Last week I had a couple of nights in Aberdeen – the main purpose was to catch up with a graduating friend but I also took the opportunity to explore the Granite city centre and Footdee, which is within walking distance.
On my first day, I had some great weather to see the stunning Marischal College building which is the second largest granite building in the world (if you didn’t know the largest, it’s ‘El Escorial’ near Madrid in Spain). I remember visiting Aberdeen for the first time in 2008 and remember it being very grey – recently it’s undergone a deep clean so it looks great now! You can get an idea of what it used to look like as the neighbouring Greyfriars Kirk didn’t get the deep-clean treatment!
Built in the 16th century, Marischal College was the second largest university in Scotland, and while the building is still owned by the university of Aberdeen, it’s primarily the council headquarters. A pretty sweet spot for an office!
Marischal College overlooks Marischal Square, a modern mixed-use development which houses office space, cafes and restaurants – including the excellent Mackie’s ice cream parlour. Right in the centre is this stunning sculpture of a leopard which was worked on by Andy Scott who you might recognise as the creator of the Kelpies in Falkirk. Over 2 tonnes of steel is cleverly positioned on a single steel platform.
But how are leopards linked to this Scottish city? The story goes that King James I gave the city two of these cats as a gift after a period of captivity, after which the city underwrote the expenses he had incurred. There’s no other evidence that these were actually gifted, apart from the inclusion of a leopard on the city’s coat of arms. Whether or not you believe the story, the sculpture is impressive and worth a look!
Marischal Square also overlooks the house of Provost Skene, which is now a museum. It’s currently closed to the public due to refurbishment and will open in 2020.
On the following morning I took myself off to join a city centre walking tour.
I joined Scot Free Tours, and their free city centre 90-minute tour, which starts from the historic Mercat Cross on Castle Street. You get a great view of Union Street which is the main thoroughfare for the shops.

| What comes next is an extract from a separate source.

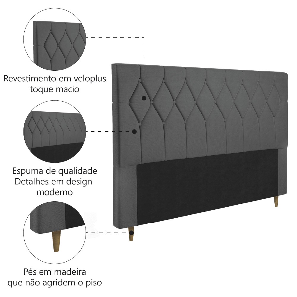 Cabeceira Estofada Para Cama Box Casal Queen Miami de 1,60m Suede Dobuê

The tour was excellent, taking in such sights as Marischal College and Provost Skene’s house, as well as Aberdeen harbour and St Nicholas Graveyard, which is where Lia’s storytelling skills were tested to the max, thanks to a group of steel drummers outside the Bon Accord Centre! Her last tale in the graveyard revealed a surprising link to Harry Houdini, which I’m sure is not widely known. The tour was well pitched for people who had no knowledge of the city’s history and was peppered with interesting facts and characters of the past.
Something completely different is these newly painted rainbow stairs which lead to the Bon Accord shopping centre. As lovely as granite is (particularly on a sunny day when it positively sparkles!) these are a lovely pop of colour to brighten the city up.
Street art has also completely revamped Aberdeen, and next week’s post will focus on NUART Aberdeen. However, before NUART came along, there was the Painted Doors Aberdeen project, and these doors are all painted by artists and makers who live and work in Aberdeen.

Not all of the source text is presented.